Quando, nos finais dos anos 70, costumava aportar aos portos do mar Negro - Tuapse, Novorossirsk ou Odessa - o clima épico mostrado no filme de Eisenstein sobre a Revolução de Outubro já não existia. Vivia-se na estagnação brezneviana, que criaria as condições para a contrarrevolução ieltsiana. Mas era fácil encontrar quem, criticando o líder de então, assumia as saudades do mitificado período anterior a Nikita Khrushchev .
Hoje em dia continuam a existir muitos saudosos do estalinismo e os documentários costumam mostrá-los como uns seres anacrónicos e meio tontos, que vão manifestar-se com bandeiras comunistas e medalhas ao peito sem saberem muito bem porquê. Pior ainda é a amálgama entre extremistas de direita e defensores do estalinismo, que convergem numa espécie de neoestalinismo lepenista.
Em suma, de tantos documentários passados pelo nosso olhar, não se vê um que seja capaz de abordar a herança estalinista com outra perspetiva senão a de um maniqueísmo apostado em convencer sobre a sua tese conceptual em vez de procurar demonstrá-la mediante argumentos mais aprofundados.
No caso deste filme de Thomas Johnson a regra é a acostumada: enfoca-se a amplitude dos crimes cometidos durante a grande fome de 1932-33 na Ucrânia, que terá provocado entre 2,5 e 6 milhões de mortos, e o 1,5 milhão de fuzilados entre 1936 e 1939. E, claro, os 18 milhões de deportados para os goulags siberianos.
Mas Johnson reconhece que a figura de Estaline permanece popular na Rússia e até em ascensão no favor da generalidade da população. Razão que baste ao regime de Poutine para ser bastante comedido na condenação dos seus excessos e nem sequer pensar em pedir perdão às vítimas.
O documentário dá quase exclusivamente a palavra aos militantes da associação Memorial, que foi criada em 1989 por militantes anticomunistas sob a égide de Andrei Sakharov e destinada a recolher os depoimentos das vítimas e dos familiares dos que passaram por tal repressão.
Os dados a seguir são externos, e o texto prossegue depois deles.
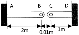 그림과 같이 단면적이 2 cm2인 AB및 CD막대의 B점과 C점이 1 cm만큼 떨어져 있다. 두 막대에 인장력을 가하여 늘인 후 B점과 C점에 핀을 끼워 두 막대를 연결하려고 한다. 연결 후 두 막대에 작용하는 인장력은 약 몇 kN인가? (단, 재료의 세로탄성계수는 200 GPa이다.)
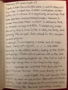 I spoke to both Mia and Lilith before I went to sleep, as I lay in bed. I asked them if either would please consider visiting me in a dream, or in physicality, or perhaps that limbo between consciousness/asleep; because I missed them/her, their comfort. I wanted to hold, to snuggle, to hug and kiss. I voiced my understanding that I know Lilith is likely too busy. And possibly Mia as well. But wished for/desired the companionship anyhow.

Temos, assim, uma catadupa de testemunhos mais ou menos enquadrados pelo do historiador hoje à frente de tal instituição: Arséni Roginski. Segundo ele existe uma amnésia voluntária sobre esse período, que condiciona a qualidade da democracia por que muitos lutam.
Com as reservas de quem não ilude a falta de objetividade dos seus propósitos, o documentário não deixa de constituir um bom estímulo para questionar a História e partir dela para a compreensão da Rússia contemporânea. Tanto mais que, sendo clara a sua desafetação do ideário estalinista, Poutine não hesita em reter-lhe algumas das mais eficientes estratégias de propaganda para prosseguir a via de sustentação de um capitalismo de Estado fomentador das gritantes desigualdades hoje constatáveis no enorme território que vai das fronteiras orientais da União Europeia a Vladivostoque.